Chatbots and compound intents

Rows of card catalog drawers
Classifiers put input into a single category. But what if that input belongs to two categories?

Chatbot developers want their bots to be able to handle as many types of user inputs as possible.  One core technique in chatbots is to classify user utterances into intents.   An intent signifies want the user wants to achieve and drives the way you respond.  “I want to cancel my last order” may be #cancel_order intent and “I want to check my points balance” may be #check_balance intent.  But what happens if the user has two intents in a single utterance, say “I want to cancel my last order and verify my points balance”?  We can reasonably assume the user wants both #cancel_order and #check_balance intents and we could consider this a compound intent.  Let’s dive into this problem space further.

Training-wise classifiers like those in chatbots perform best when there are clear distinctions between target classes.  (Chatbots use classifiers where the intents are the classes)  Training on compound intents blurs distinctions between the target classes leading to poorer performance on the individuals and the compounds.  In the worst case – where all combinations are allowed – complexity increases exponentially from n classes to 2^n classes.  Chat classifiers thus work best when trained on single intent utterances.  What does this mean for compound intents?

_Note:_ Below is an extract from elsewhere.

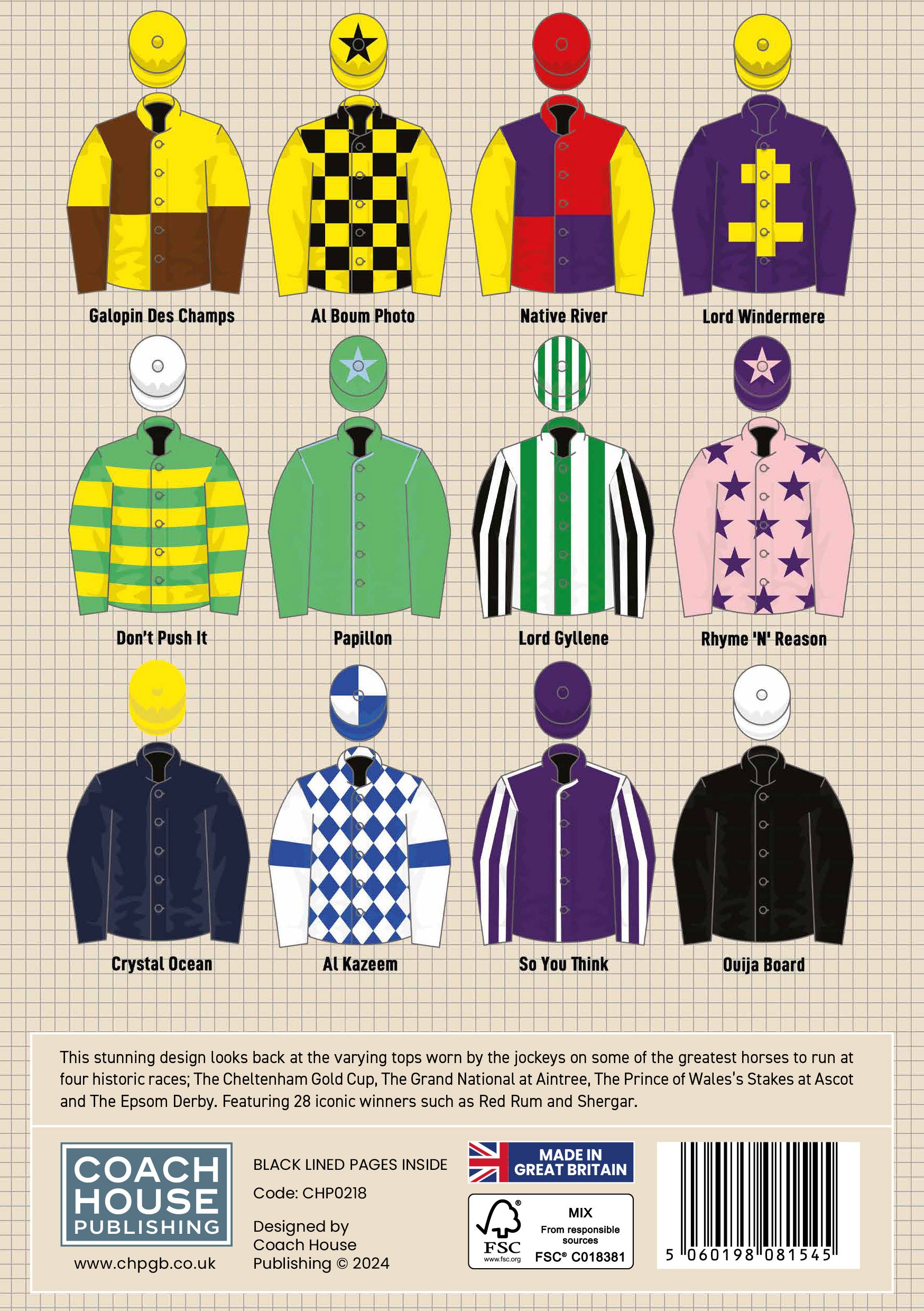 The front and rear cover displays a series of carefully illustrated images of varying tops worn by the jockeys on some of the greatest horses to run at four historic races; The Cheltenham Gold Cup, The Grand National at Aintree, The Prince of Wales’s Stakes at Ascot and The Epsom Derby. The perfect notebook for Horse Racing and Sports Enthusiasts around the world!

Let’s assume a classifier well-trained on single intents.  For any utterance this classifier will return a list of candidate intents with associated confidence.  The way you detect compound intents is by “doing math” on the confidence scores.   Ideally our example “I want to cancel my last order and verify my points balance” scores highly on #cancel_order and #check_balance, and scores lowly on the other possible intents, and ideally there is a clear dividing line in the confidence scores.  The happy path for detecting compound intents has a cluster of high confidence intents cleanly separated from low confidence intents.

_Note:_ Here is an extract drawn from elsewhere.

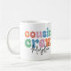 Style groovy des années 80 en lettres bulles colorées personnalisez avec le nom des cousins sur une tasse à café.

True positive example of compound intents

“I want to cancel my last order and verify my points balance”
#cancel_order (confidence 0.9053)
#check_balance (confidence 0.7393)
#modify_order (confidence 0.2704)
#payment_inquiry (confidence 0.2342)

Our initial hypothesis might be to return all intents over a certain confidence.  However this hypothesis can lead to false positive detection of compounds.  There can be a single intent utterance that the system is unsure about, leading to two relatively high confidence intents being clustered incorrectly incorrectly into a compound intent.  Falsely detecting a compound intent leads to a negative user experience.

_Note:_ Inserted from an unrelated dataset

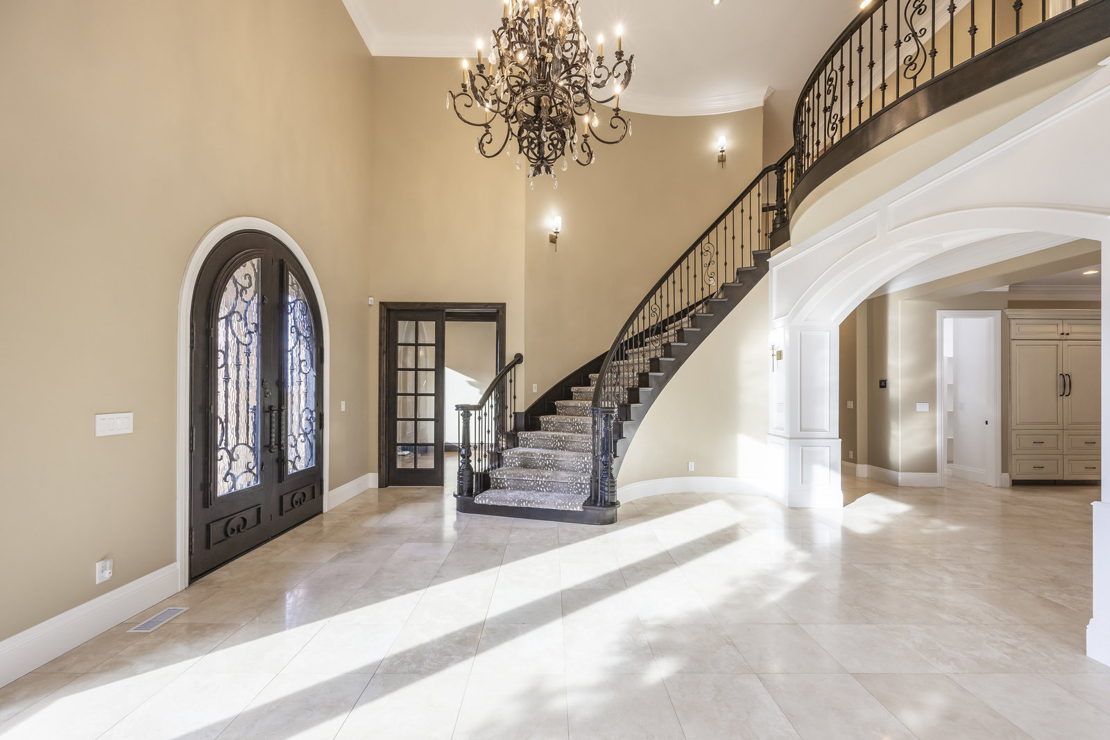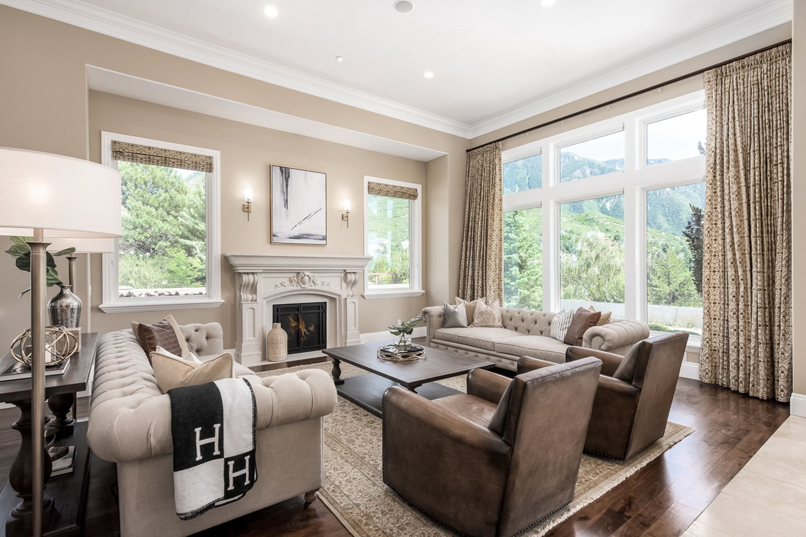 Situated between the breathtaking Wasatch Mountains and the unparalleled convenience of Salt Lake City, this remarkable Sandy estate stands as one of the finest properties ever introduced to the market. Old World sophistication meets modern luxury in this meticulously crafted 7,500 sq. ft. residence, offering six bedrooms and four-and-a-half bathrooms on a pristine half-acre lot. Recently enhanced with a newly installed private gate, new luxury carpet, and custom window coverings, the home now offers an even greater sense of exclusivity, comfort, and refinement. From the moment you arrive, the dramatic twenty-foot entryway with wrought-iron doors, a grand chandelier, and a sweeping staircase sets the tone for the home's exceptional design. Fifteen-foot ceilings in the living and dining rooms, ten-foot ceilings throughout the main level, and expansive panoramic windows frame majestic mountain views. Additional features include an executive-level office, a central vacuum system, energy-efficient lighting, and a Savant Smart Home Alarm System with every door and window fully secured. The residence showcases exquisite craftsmanship with custom woodwork, Italian Travertine flooring, walnut hardwood, two fireplaces with hand-carved stone mantels, tailored Roman shades and draperies, built-in cabinetry, and integrated speakers throughout the main and lower levels-providing an ideal environment for world-class entertaining. The gourmet kitchen serves as the heart of the home and is appointed with Thermador appliances, including a custom wood-paneled refrigerator, four ovens, a six-burner gas range with hood, two spacious islands, granite countertops, and a generously sized walk-in pantry. A formal dining room with its own fireplace enhances the space for memorable gatherings. Designed with an exceptional separation of space, the private main-level primary suite features a tranquil sitting area and an expansive walk-in closet with custom built-ins. The spa-inspired primary bath includes an oversized soaking tub, dual vanities, and a tiled walk-in steam shower - an indulgent retreat for relaxation and rejuvenation. Four additional bedrooms and accompanying baths create the perfect setting for family living or hosting guests. The lower level boasts nine-foot ceilings, limestone accent walls, surround-sound speakers, a 500-bottle temperature-controlled wine cellar, Bosch appliances, and a full secondary kitchen-ideal for entertaining. The impressive home gym offers commercial-grade flooring, an Air King fan, and another steam shower. Outdoors, the estate continues to impress. Impeccable landscaping with mature pine trees, expansive lawn areas, and an oversized patio creates an oasis of privacy and natural beauty. The exterior is enhanced by smart lighting, a welcoming firepit, a commercial-grade gas grill with rotisserie, and a Chicago brick pizza oven-perfect for alfresco dining and effortless entertaining. A radon mitigation system further enhances the home's safety. Perfectly positioned minutes from world-renowned ski resorts, Dimple Dell Canyon, scenic trails, and sweeping mountain views, this residence offers a lifestyle that is both luxurious and deeply connected to the outdoors. Recognized as one of Money.com's "Best Places to Live," Sandy is also consistently ranked among the nation's safest cities-making this gated estate even more exceptional.

False positive example of compound intents

“I want to verify my last order is cancelled”

#check_balance (confidence 0.7507)
#cancel_order (confidence 0.7273)
#modify_order (confidence 0.2739)
#payment_inquiry (confidence 0.2340)

In this case the user only wants to check the balance, however their utterance is closely classified against order cancellation as well.  The correct intent is still identified, but if we are trying to detect compound intents via confidence values, this looks even more like a compound intent than our first example!

Classification technology is wonderful at quickly sorting large numbers of data inputs into buckets via training on a representative small subset.    This post explores a boundary condition that chatbot classifiers struggle with.  From a design point of view you need to be aware of what mistakes your system can make and how you deal with them.  If your decision is to never attempt the detection of a compound intent you will live with false negatives (never detecting actual compound intents).  If you decide to attempt compound intent detection you will introduce false positives (detecting compound intents that never existed).  Both decisions affect your chatbot and your overall design.